This routine that creates the HTML table at the end of the preceding section concatenates the entire HTML string into the string variable s, then writes the contents of that variable to the browser by using the Response.Write method. You could make the routine write the contents directly, by substituting Response .Write wherever the code has s = s &. If you do that in a WebClass, you'll slow down the code considerably. In fact, for long tables, you'll get a significant increase in speed by creating a temporary string for each row, then concatenating them once at the end of the display. There are two reasons.

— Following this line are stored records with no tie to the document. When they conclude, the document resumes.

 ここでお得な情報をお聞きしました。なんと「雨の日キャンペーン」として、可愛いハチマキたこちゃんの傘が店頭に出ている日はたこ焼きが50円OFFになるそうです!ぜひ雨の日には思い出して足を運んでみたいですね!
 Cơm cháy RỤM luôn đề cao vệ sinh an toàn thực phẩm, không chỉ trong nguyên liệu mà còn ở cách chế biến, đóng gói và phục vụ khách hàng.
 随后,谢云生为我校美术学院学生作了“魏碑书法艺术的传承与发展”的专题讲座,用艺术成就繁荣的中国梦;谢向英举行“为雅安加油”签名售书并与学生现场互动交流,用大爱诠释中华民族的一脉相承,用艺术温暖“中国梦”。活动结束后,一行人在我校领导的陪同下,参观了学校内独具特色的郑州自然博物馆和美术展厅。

First, you should avoid making unnecessary object references whenever possible. A good rule of thumb is that if you're going to use an object more than once in a routine, create a local variable reference. Similarly, if you need to access a property of an object more than once in a routine, create a local variable and copy the property into it. Calling the Response.Write method multiple times forces VB to make unnecessary object reference calls. This routine could be optimized even more by using the With…End With structure to avoid referencing the recordset variable R as often as it does.
Second, the routine is slow because VB must allocate memory and create a new string every time you concatenate two strings. The longer the two strings are, the more memory (and time) it takes to concatenate them. By using shorter strings or byte arrays, you can often dramatically speed up a routine with little work.

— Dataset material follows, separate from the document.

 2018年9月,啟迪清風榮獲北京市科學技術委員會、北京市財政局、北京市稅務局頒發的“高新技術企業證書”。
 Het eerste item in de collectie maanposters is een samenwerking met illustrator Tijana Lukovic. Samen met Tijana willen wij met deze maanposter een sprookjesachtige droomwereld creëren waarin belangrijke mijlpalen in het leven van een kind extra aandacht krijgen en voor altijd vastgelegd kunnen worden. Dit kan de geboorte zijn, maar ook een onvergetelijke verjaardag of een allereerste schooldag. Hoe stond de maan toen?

If you want to see how much you can speed up a routine, create a new standard .exe and paste the routines in Listing 4.3 into the form; then run the project. You can find the code in the StringConcatenation project on the Sybex Web site.
Note
To download code, navigate to http://www.sybex.com. Click Catalog and search for this book's title. Click the Downloads button and accept the licensing agreement. Accepting the agreement grants you access to the downloads page for the book.

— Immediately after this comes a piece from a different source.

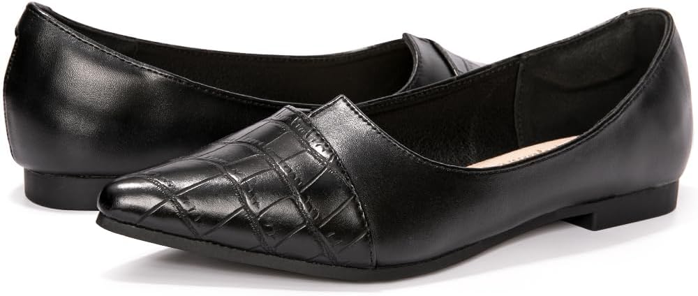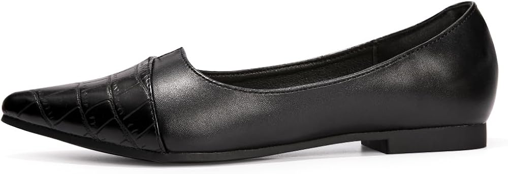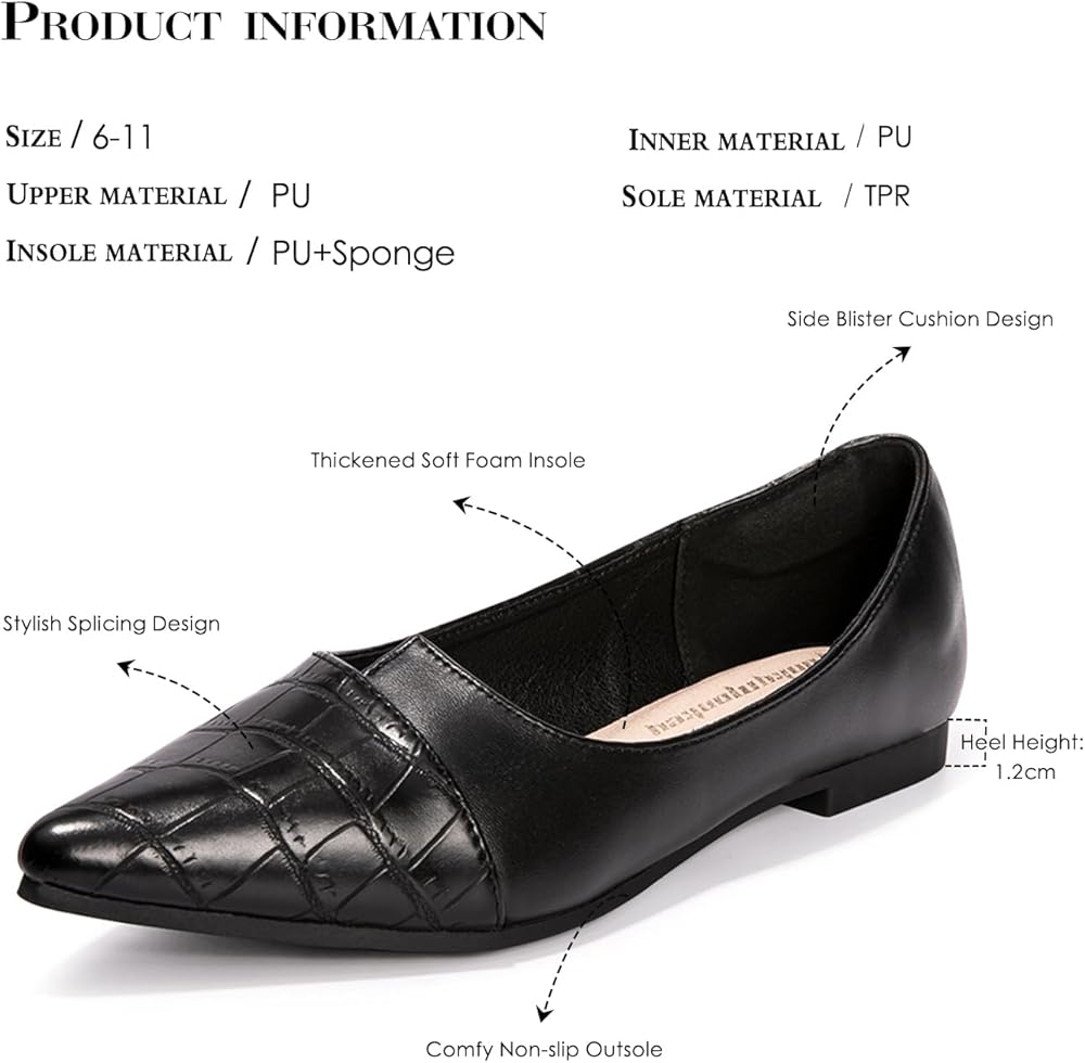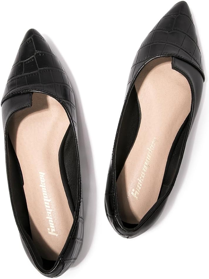 أحذية FUNKYMONKEY سوداء مسطحة للنساء، أحذية عمل مريحة بمقدمة مدببة سهلة الارتداء

Each function in the project creates a string that contains the letters of the alphabet repeated 10,000 times. The longConCat function appends the alphabet string to a single string variable 10,000 times in a loop. On my computer, an NT-based 400Mhz Pentium II running this program in the development environment, the longConCat function takes about 17 seconds. The shortConCat function appends 10 alphabet strings together, then appends the resulting string to another string 1,000 times. Breaking the string into 1,000 shorter strings decreases the time dramatically—the shortConCat function takes less than 3 seconds. The reallyShortConCat function takes only about .3 seconds. It appends 100 alphabet strings together, then appends the result to another string 100 times. The result shows that fewer, larger concatenations are more efficient than many smaller ones. The byteConcat function is even more efficient—it takes only .15 seconds. That's a speed improvement of 11,333% (no, that's not a misprint) without any special API calls. When you compile the project with all compiler optimizations turned on, the difference is even more dramatic. Sometimes small changes make a big difference.
Imagine the difference in load on your server when you're serving large tables to many users! Although routine efficiency isn't the main theme of this book, you should carefully consider what effect your routines will have on the complete application—especially under a heavy multiuser load. This whole discussion of efficiency points out nicely why Microsoft has added WebClasses to VB. The increase in efficiency of a compiled application over similar code in interpreted mode isn't as high as you might expect, but the increase in efficiency of strongly typed code is considerable and can be well worth the increased complexity of installing and updating a VB application compared to a set of text-file ASP pages.